# glow in dark paint..



## bradh728 (May 29, 2008)

So i'm not sure if this goes here. Basically i was surfing the web and wanting to purchase someone that will make my corn hole set (a ******* game) glowin the dark. Basically its 2 basic wooden boards that i would like blue and white to glow in the dark. I am not sure from here what to buy or where to buy it at. Should i buy black and white glow in dark paint? mix? or just the glow in dark finish on a regular paint... or something else... thanks again!


----------



## vermontpainter (Dec 24, 2007)

bradh728 said:


> make my corn hole set


Brad

I can see that you are new here. Very risky first post.

Heres the windup, and the pitch...


----------



## timhag (Sep 30, 2007)

Man, I'm glad I'm on good behavior or I'd rip you a new corn hole.


----------



## vermontpainter (Dec 24, 2007)

timhag said:


> Man, I'm glad I'm on good behavior or I'd rip you a new corn hole.


 
BIIIGGGG swing and a miss, strike three. On deck: NEPS


----------



## ProWallGuy (Apr 7, 2007)

vermontpainter said:


> Brad
> 
> Heres the windup, and the pitch...


So, before someone hits it out of the park, let me go ahead and say this:

Thanks for posting on PaintTalk.com. The Moderators of this forum would prefer if you post Do It Yourself related topics on our sister site www.DIYChatroom.com 

PaintTalk.com is designed for professional painting contractors and the related fields to discuss issues and topics pertaining to the painting industries. Many of our professional contractors are also members at DIYChatroom.com and are looking forward to assist you with your needs.

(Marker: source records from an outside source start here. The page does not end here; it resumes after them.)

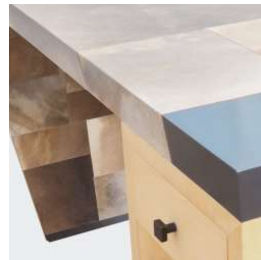
ANIEL - Bureau – Parchemin. Sycomore. Laiton canon de fusil - 130 x 620 x 750 Création Jérôme Cordié 2016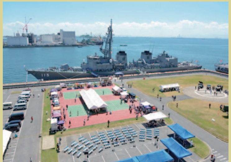
地域との交流 サマーフェスタ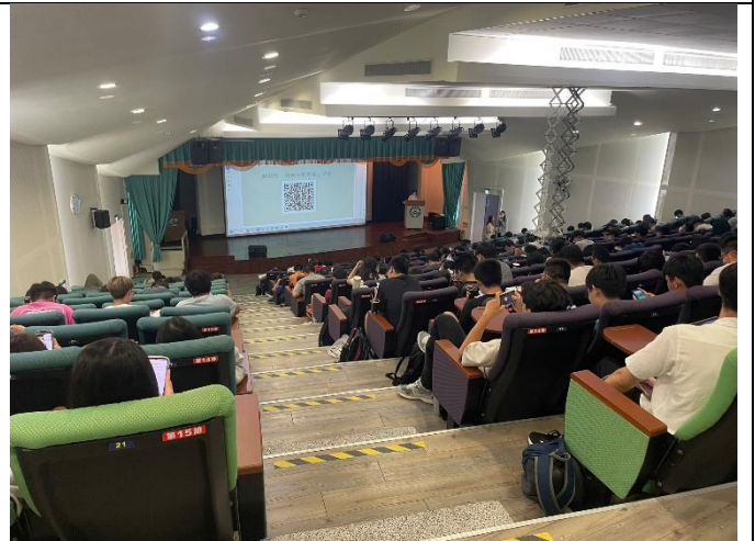
學生進行測驗(三) 八甲校區國際會議中 心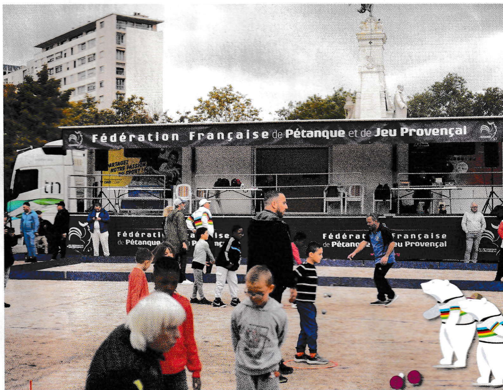
La pétanque traverse les générations, comme cela a de nouveau été le cas lors du Pétanque Tour place de la République au mois d'octobre.

Qui n'a jamais tiré ou pointé, un dimanche après-midi en famille ou entre amis ? À Dijon, 234 habitants sont licenciés dans l'un des six clubs de pétanque, et ils sont des centaines à pratiquer juste pour le plaisir. La pétanque, c'est le sport accessible par excellence ! Tout le monde, quel que soit son âge ou son niveau, peut y jouer. Il suffit d'avoir un jeu de boules en acier (ou en plastique pour les enfants), un cochonnet et un terrain gravillonné mais pas trop caillouteux. « Convaincue des bienfaits de ce sport qui favorise le vivre-ensemble, la ville aménage de nombreux terrains dans les parcs de tous les quartiers », explique Claire Tomaselli adjointe au maire de Dijon déléguée aux sports et à l'olympisme. Les Dijonnais peuvent profiter de 10 bouledromes entretenus et de très nombreux terrains de proximité, comme au stade Maladière par exemple. Ces aménagements émanent souvent d'un vœu des habitants, formulé dans les Ateliers de quartier. Grâce au budget alloué par la ville à ces neuf instances de participation citoyenne, des nouveaux bouledromes ont vu le jour cet été place Granville et dans le parc des Grésilles ; un nouveau terrain de proximité est également inauguré ce mois-ci au Tempo dans le quartier Chevreul-Parc.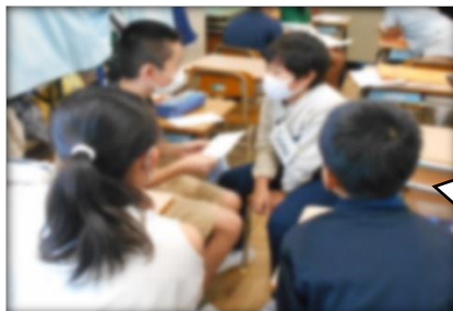
【聞いて、アドバイスを伝える様子】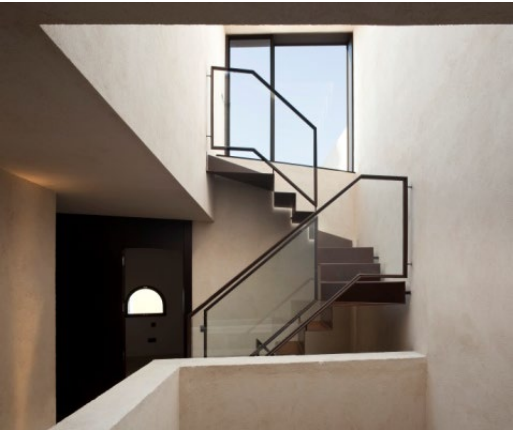
Figura 3. Vivienda unifamiliar. Sevilla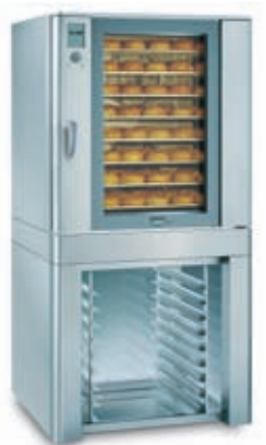
EUROMAT B 8 IS 600 Podstavek UG 20 Mere pekača: 600 x 400 mm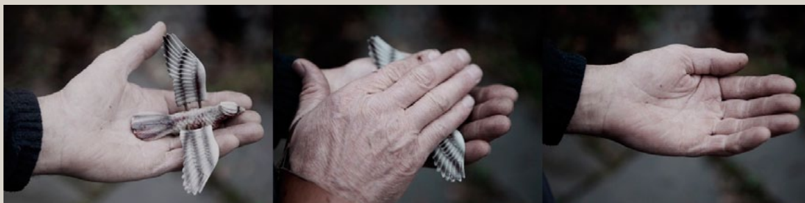
Gregor Beltzig Série "Les boîtes des sentiments", 2012. Tirage jet d'encre sous résine. 5 x 20 cm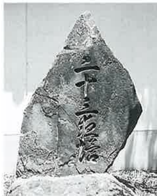
25 二十三夜塔 沓野観音寺境内(96×66×24)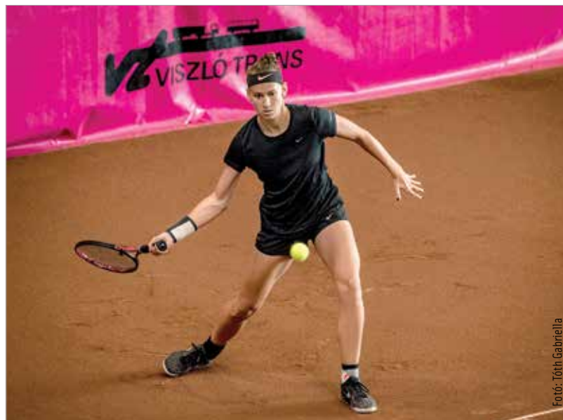
A következő időszak igazi csemege a tenisz szerelmeseinek Fehérváron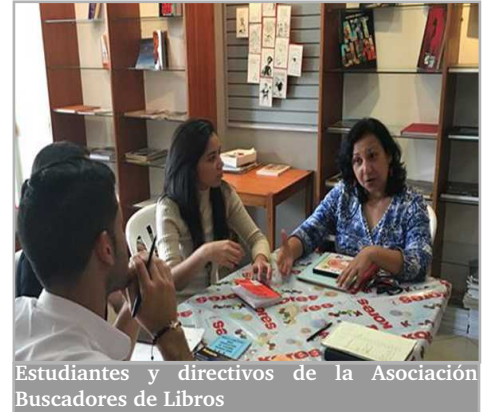
Estudiantes y directivos de la Asociación Buscadores de Libros

Cada uno de estos aspectos fueron debidamente detallados mediante la aplicación del proyecto titulado: "Tramitación y capacitación respecto al cumplimiento de los deberes formales de Buscadores de Libros, A.C", lo que sin duda será fundamental para el éxito de las actividades propias de la referida organización.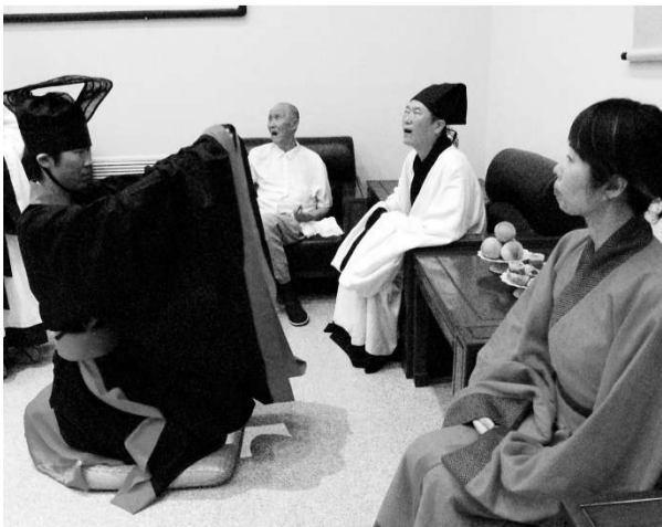
馮韓十八歲生日舉行加冠禮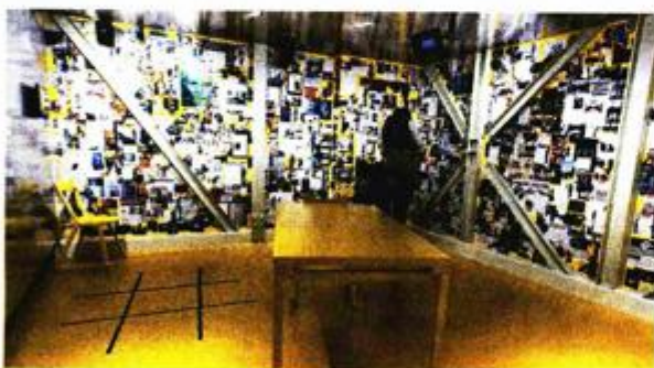
U ovoj su sobi mnogi tekstovi koji su do sada izašli o brončanom kipu

Sedamnaest godina od otkrića 'Atleta' je dobio i svoj 'dom' koji se sutra otvara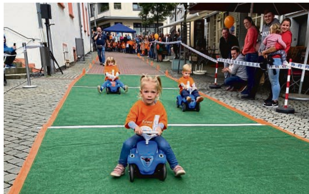
Nachwuchs-Rennfahrer: Der VR-Kindertag steht in diesem Jahr zwar unter dem Motto „Spaß mit Wasser“, das Bobbycar-Rennen am Lullusbrunnen ist aber dennoch fester Bestandteil des Programms.

Die ersten Rennen starten um 11.30 Uhr, für die schnellsten Fahrer gibt es Preise. Wie immer sind alle Aktivitäten kostenfrei. Ein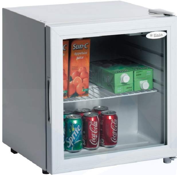
Abb.: Esta L50 G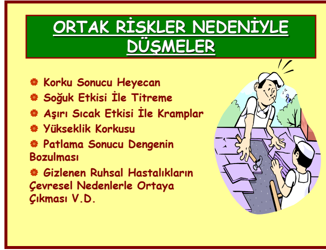
Şekil 3. Düşme tehlikesinin etkeni ile, insan özellikleri ve çevre özelliklerinin oluşturduğu ortak riskler

Hastada, düşmeyi oluşturacak insan özellikleri, azalan yaşam fonksiyonları nedeniyle önemli rol oynarken, belli bir çevrede yaşama zorunluluğu, çevresel özellikleri daha önemsiz kılmaktadır. Hastane çalışanları ise, tam tersi sağlıklı insanlar olduğundan, insan özelliklerinden ziyade, her ortamda olabildikleri için çalışma çevresi koşulları daha önem kazanmaktadır.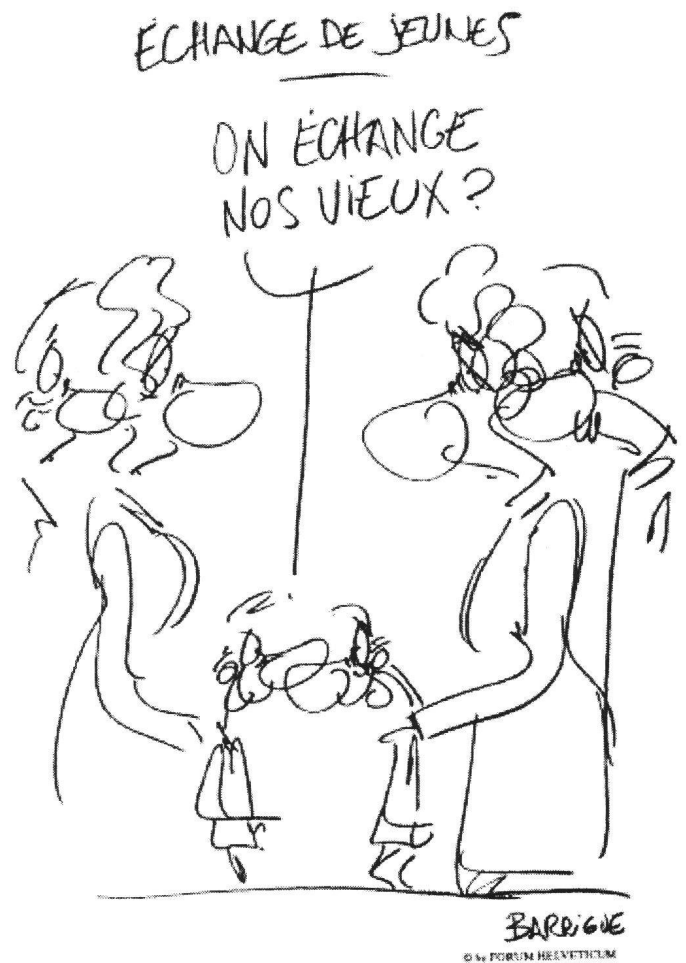
Fig. 2 L'échange de jeunes vu par le dessinateur Barrigüe.

tion de priorités à définir dans le domaine de la formation des jeunes. Or, dans un pays officiellement quadrilingue et uni par une volonté politique commune cette formation a un rôle fondamental à jouer en vue de la cohésion nationale.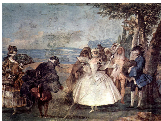
Carnaval van Venetië, Giovanni Domenico Tiepolo, 1757

enorme uitbundigheid. Een (schijnbaar) ongeorganiseerde massa van tienduizenden kleurrijk geklede carnavalsvierders bevolken dan de straten en pleinen van de stad. Opmerkelijk aan het straatcarnaval van Frans Vlaanderen is het veelvuldig gebruik van bontgekleurde paraplu's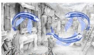
Prix de la SACD au concours de projets du Festival d'Annecy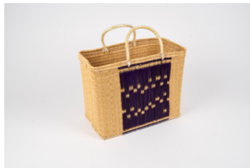
G024 / Couffin

Hauteur 28 cm - Largeur 38 cm - Longueur 18 cm Fibre de palmier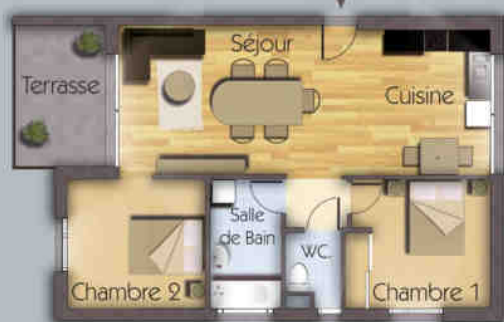
1 exemple d'appartement T3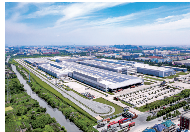
&gt;&gt;&gt;沃尔沃汽车台州工厂

一个个招商引资项目的签约落地,蕴含着一个个发展机遇。这是全开发区上下“拼”“抢”“干”出来的招商实践,也是一场共享机遇、互利共赢的“双向奔赴”。

Please take a moment to post your question at www.DIYChatroom.com If your not already a member of DIYChatroom.com you can sign up for a free account by going to http://www.diychatroom.com/register.php/

We apologize for any inconvenience that this may have caused. This thread has been closed.


----------



## timhag (Sep 30, 2007)

There really is a corn hole game http://www.ajjcornhole.com/?gclid=CLri1cTXzJMCFQtvGgodUh2IjQ


----------



## vermontpainter (Dec 24, 2007)

Thanks Pro...we just had to address it before you came along!


----------



## ProWallGuy (Apr 7, 2007)

Holy Crap! You guys sure can type fast! :laughing:


----------